Jaime curses suddenly, and she sees that the sprinkler is starting to leak. It’s slow, but enough that it’s starting to fill up the hole he dug and soak his jeans.

“Do you need help?” she asks, closing her book and setting it down next to her.

“No, no. It’s fine.” He waves his dismissal and grabs a wrench. She watched him try to stop the leak for a few moments. “Hey, I just thought of this, but remember that soccer game you played in? Maybe... junior year?” he starts to say suddenly, digging his hands into the puddle to fiddle with the now buried sprinkler head. “The one where the sprinklers started going off in the middle of the third quarter?”

Brienne tenses. She remembers that game. 

“I remember all the other girls started screaming and ran off the field, but you kept playing. Right up until the refs had to drag you off. And once the water was finally shut off, you went out there and won the game. It was… It was amazing.”

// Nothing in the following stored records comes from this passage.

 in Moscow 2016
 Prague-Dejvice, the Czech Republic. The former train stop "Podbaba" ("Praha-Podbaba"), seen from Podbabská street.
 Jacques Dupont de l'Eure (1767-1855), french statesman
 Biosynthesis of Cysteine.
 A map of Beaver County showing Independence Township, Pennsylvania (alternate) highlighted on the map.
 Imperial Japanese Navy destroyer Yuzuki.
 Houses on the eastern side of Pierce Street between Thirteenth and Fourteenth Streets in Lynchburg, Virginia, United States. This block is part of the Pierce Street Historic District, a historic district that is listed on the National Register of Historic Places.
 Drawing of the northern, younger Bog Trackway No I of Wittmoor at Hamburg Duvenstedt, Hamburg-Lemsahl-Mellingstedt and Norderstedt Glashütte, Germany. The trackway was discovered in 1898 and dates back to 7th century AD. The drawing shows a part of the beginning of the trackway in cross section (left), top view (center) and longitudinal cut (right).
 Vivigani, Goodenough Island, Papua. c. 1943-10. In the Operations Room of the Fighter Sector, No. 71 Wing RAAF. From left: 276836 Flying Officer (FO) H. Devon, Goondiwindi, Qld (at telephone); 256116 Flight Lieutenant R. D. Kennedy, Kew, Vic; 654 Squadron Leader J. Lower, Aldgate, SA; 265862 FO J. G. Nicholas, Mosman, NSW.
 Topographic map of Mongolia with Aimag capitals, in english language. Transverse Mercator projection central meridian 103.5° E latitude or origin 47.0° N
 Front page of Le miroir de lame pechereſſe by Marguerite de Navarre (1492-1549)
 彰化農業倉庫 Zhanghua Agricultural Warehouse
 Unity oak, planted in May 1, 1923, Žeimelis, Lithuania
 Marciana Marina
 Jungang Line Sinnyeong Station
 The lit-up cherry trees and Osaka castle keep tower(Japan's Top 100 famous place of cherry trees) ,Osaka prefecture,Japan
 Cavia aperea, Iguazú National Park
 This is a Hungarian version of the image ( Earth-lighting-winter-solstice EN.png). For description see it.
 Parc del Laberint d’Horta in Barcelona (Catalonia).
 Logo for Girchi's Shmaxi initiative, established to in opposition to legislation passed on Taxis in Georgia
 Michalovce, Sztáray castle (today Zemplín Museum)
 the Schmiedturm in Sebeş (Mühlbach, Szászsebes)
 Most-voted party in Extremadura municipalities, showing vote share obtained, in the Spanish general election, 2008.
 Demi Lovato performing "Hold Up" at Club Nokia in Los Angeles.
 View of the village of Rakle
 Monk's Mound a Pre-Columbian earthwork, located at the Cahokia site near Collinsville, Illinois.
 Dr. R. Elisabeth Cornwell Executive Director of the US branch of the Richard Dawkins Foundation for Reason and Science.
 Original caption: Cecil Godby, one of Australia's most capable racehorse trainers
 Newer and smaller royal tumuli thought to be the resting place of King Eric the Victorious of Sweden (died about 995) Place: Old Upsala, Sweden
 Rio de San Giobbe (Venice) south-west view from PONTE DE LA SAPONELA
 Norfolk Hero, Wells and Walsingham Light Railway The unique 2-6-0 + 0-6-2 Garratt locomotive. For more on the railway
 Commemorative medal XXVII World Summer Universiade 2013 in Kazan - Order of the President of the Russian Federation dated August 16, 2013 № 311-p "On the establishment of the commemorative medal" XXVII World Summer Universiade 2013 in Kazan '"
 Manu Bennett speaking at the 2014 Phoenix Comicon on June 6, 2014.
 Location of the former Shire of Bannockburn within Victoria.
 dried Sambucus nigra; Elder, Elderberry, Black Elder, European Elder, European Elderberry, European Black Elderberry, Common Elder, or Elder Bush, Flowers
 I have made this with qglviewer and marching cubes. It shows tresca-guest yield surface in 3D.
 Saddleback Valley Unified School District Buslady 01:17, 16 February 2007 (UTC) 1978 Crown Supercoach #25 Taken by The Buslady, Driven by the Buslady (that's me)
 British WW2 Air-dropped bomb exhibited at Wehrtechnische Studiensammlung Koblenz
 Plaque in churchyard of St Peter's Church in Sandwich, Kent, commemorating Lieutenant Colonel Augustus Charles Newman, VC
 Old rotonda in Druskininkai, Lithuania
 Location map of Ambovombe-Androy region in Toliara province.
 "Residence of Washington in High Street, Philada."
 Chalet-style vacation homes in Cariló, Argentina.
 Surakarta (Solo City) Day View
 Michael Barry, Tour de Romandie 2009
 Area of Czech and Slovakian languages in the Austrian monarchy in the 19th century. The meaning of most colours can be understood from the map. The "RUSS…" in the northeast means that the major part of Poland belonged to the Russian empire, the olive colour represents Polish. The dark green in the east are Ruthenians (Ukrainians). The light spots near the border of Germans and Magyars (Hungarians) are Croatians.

She couldn’t say she agreed with that sentiment, because after the game all the boys said something about how she should have left the field sooner, that way none of them would have had to see her in her soaking wet, white uniform. And later Jaime had sought her out to ask when she started doing wet t-shirt contests.

It wasn’t really a pleasant memory for her. 

Brienne realizes that she can’t do this. She can’t be friends with Jaime and just forget about four years of her life, or ask him to forget. It’d be impossible. 

“I’m gonna go,” she says, and stands up abruptly. 

“Seriously?” he says, fumbling with the sprinkler.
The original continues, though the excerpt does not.